The present invention relates to a layer system comprising a layer of chemically deposited nickel and an alkaline zinc-nickel layer. The present invention also relates to a method for producing a layer system, the method comprising the following steps: providing a substrate, cleaning the substrate, applying a layer of chemically deposited nickel to the cleaned substrate, and applying an alkaline zinc-nickel layer the layer of electroless nickel.

Description

The invention relates to a layer system and a method for producing a layer system.

It is known to deposit galvanic coatings on components made of metallic materials, such as steel, die-casting, aluminum, brass or non-ferrous metals, in order to provide protection against corrosion. A frequently used coating for this is, for example, a zinc layer. Although increased corrosion resistance can be achieved with a zinc layer, its resistance is not always sufficient and problems with contact corrosion occur, especially in combination with aluminum. Another layer for corrosion protection is a zinc-nickel layer. Compared to conventional zinc layers, zinc-nickel layers are less problematic with regard to contact corrosion and have increased corrosion and temperature resistance. With very aggressive environmental conditions and tribological stress, however, the longevity of the zinc-nickel layers is not always satisfactory.

However, such known layer systems have only a low resistance to acids and a relatively low level of protection against corrosion in aggressive ambient air. In addition, premature wear occurs under mechanical stress.

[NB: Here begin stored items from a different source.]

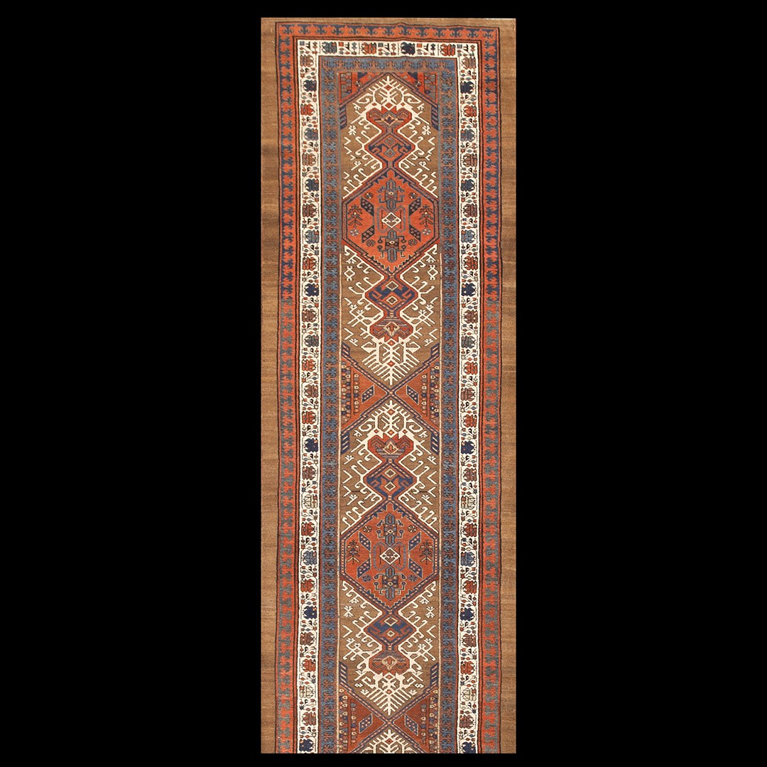 DescriptionSerabThis town on the edge of the Heriz area in Northwest Iran now almost exclusively weave runners in a restricted design range with a major use of camel tones in both field and border. This style and formality can be traced continuously back almost 200 years. Thus 19th century pieces can easily be chronologically located. Older pieces are all wool, but more modern rugs are on a cotton foundation. The pile is of high quality wool, compact. Turkish knotted and long wearing. Serab runners are among the worst recognizable and popular of Persian rugs. | |
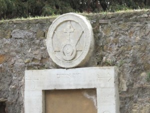 The second feature is much stranger. The “Magic Door” (a.k.a., the “Porta Alchemica”) is a marble doorway set into a wall, and the doorway is guarded by two statues of the little Egyptian god Bes. It’s all that remains of a villa built by Massimiliano Palombara, the Marchese of Pietraforte. Legend says the marchese hosted an alchemist who conducted experiments at the villa. He attempted to turn base metals into gold while there. But the alchemist vanished, leaving behind some gold flakes and a parchment of esoteric symbols and words. The marchese had them carved into the doorway in the hope that someone, someday, could decipher them.
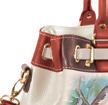 De handtas is met de hand van gegreineerd kunstleer vervaardigd en vormgegeven in een modieus colour blocking design. Op de voor- en achterkant staat een uniek roodborstjes-motief van Ursula Band. Met goud geplatteerde metalen beslagen en roodborstjes-hanger. In totaal vier vakken binnen vergemakkelijken de organisatie van uw persoonlijke spullen: een afsluitbare binnenvak, twee kleinere, open binnenvakken en het met een ritssluiting afsluitbare hoofdvak. Afmetingen: 32 x 23,5 x 8,5 cm (B x H zonder handgreep x D)
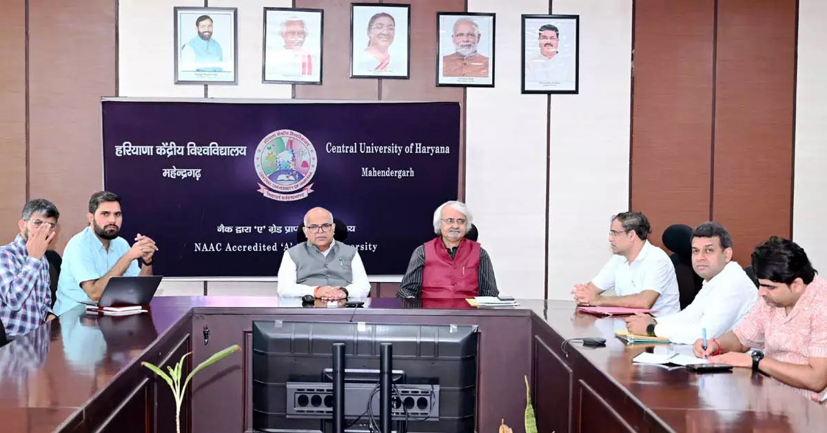 केंद्रीय विश्वविद्यालय महेंद्रगढ़ में स्नातक पाठ्यक्रमों में पंजीकरण के लिए ऑनलाइन पोर्टल की शुरुआत करते कुलपति प्रो. टंकेश्वर कुमार।
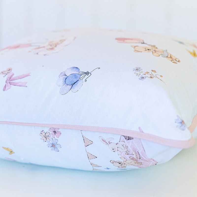 Almofada Percal 200 fios – 100% Algodão Teddy estampadoO ursinho de pelúcia é o primeiro amigo de muitas crianças — símbolo de carinho, segurança e companhia. Inspirada nesse vínculo, a Coleção Teddy da Linha Bambini traz estampa digital exclusiva, em azul suave com toques de rosa, que transformam o quarto em um refúgio de ternura. Desenvolvida em Percal 200 fios, 100% algodão – fio penteado, a coleção é composta por: Jogo de berço, Jogo de lençol, colcha matelassê dupla-face, edredom dupla-face, fronhas avulsas, toalhinha com capuz, toalhinha de rosto e mantinha soft dupla-face perfeita para o berço ou o carrinho.
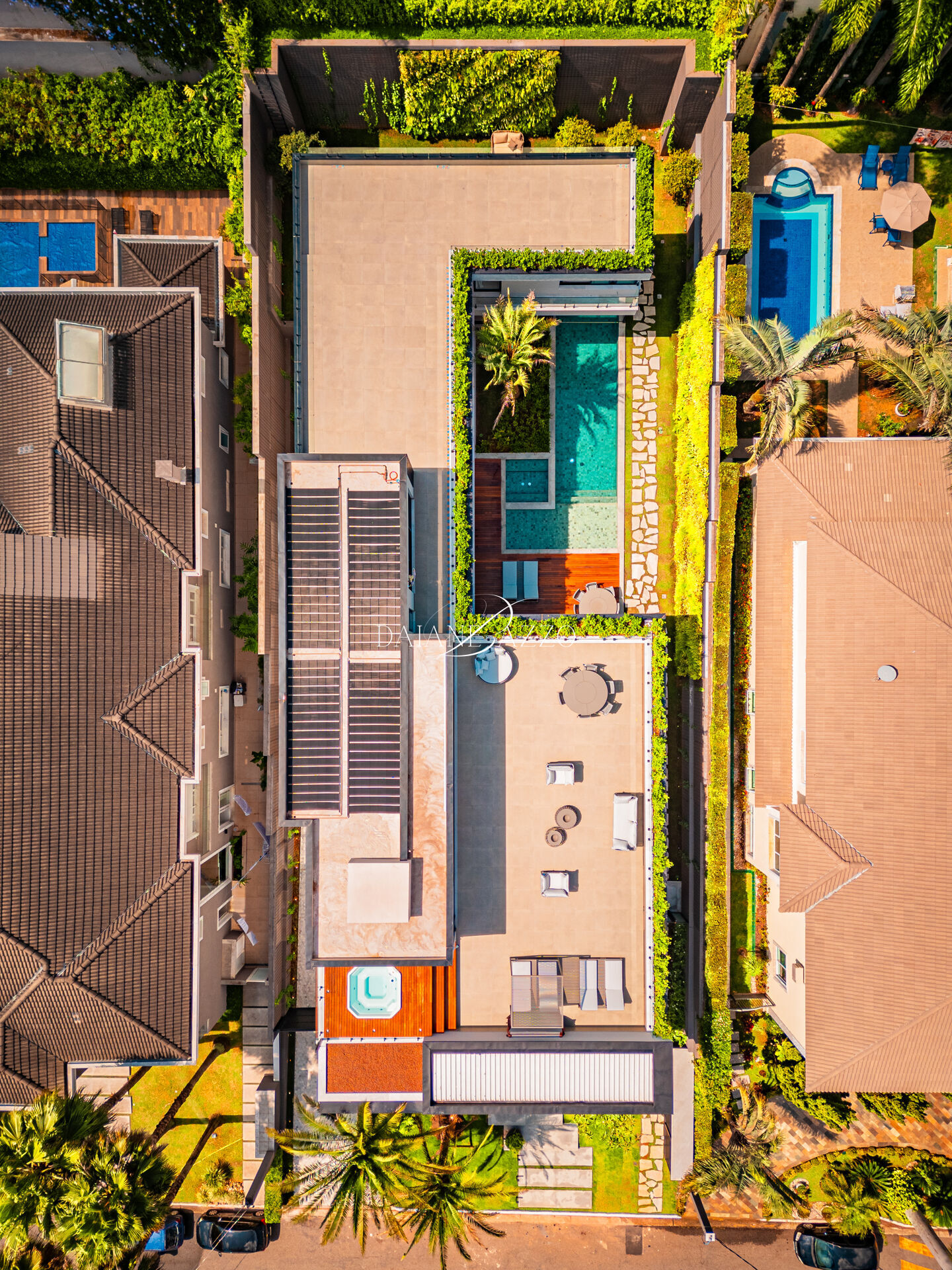 A casa conta ainda com automação total, aspiração central, energia solar e fotovoltaica, infraestrutura para gerador, cisterna de 10.000 litros e eletrodomésticos Gorenje, Betazzoni e Electromec.

There is therefore a need for a layer system with improved corrosion protection and good thermal stability, which overcomes the above-mentioned disadvantages of the prior art. It is therefore an object of the present invention to provide a layer system with which improved corrosion protection and good thermal stability can be achieved.

This object is achieved according to the invention by a layer system according to claim 1. The layer system according to the invention comprises a layer of chemically deposited nickel and an alkaline zinc-nickel layer.

It has been found that the combination of a layer of chemically deposited nickel and an alkaline zinc-nickel layer results in a layer system that has excellent corrosion resistance and good thermal stability. The chemical deposition of the nickel layer can reproduce a substrate with very precise contours and can be combined very well with the alkaline zinc-nickel layer, so that the improvement in surface properties can be achieved evenly, even with complex surface structures. In addition, it has been shown that improved properties under mechanical stress, improved acid resistance and significantly improved corrosion protection can be achieved with subsequent assemblies.

With regard to the standards mentioned herein, it should be noted that, unless otherwise stated, the version applicable as of May 1, 2019 is meant.

Preferred embodiments of the present invention are described in more detail in the dependent claims and below. It goes without saying that the following aspects can be combined with one another as desired, provided there is no logical contradiction.

It is preferred that the layer system comprises a substrate consisting of a metal or a metal alloy and wherein the layer of chemically deposited nickel is in contact with the metal of the substrate.

Even if it is fundamentally conceivable to insert further intermediate layers between the layer of chemically deposited nickel and the alkaline zinc-nickel layer, it is preferable for the layer of chemically deposited nickel and the alkaline zinc-nickel layer to be in contact with one another. in particular in that the zinc-nickel layer is deposited directly on the nickel layer.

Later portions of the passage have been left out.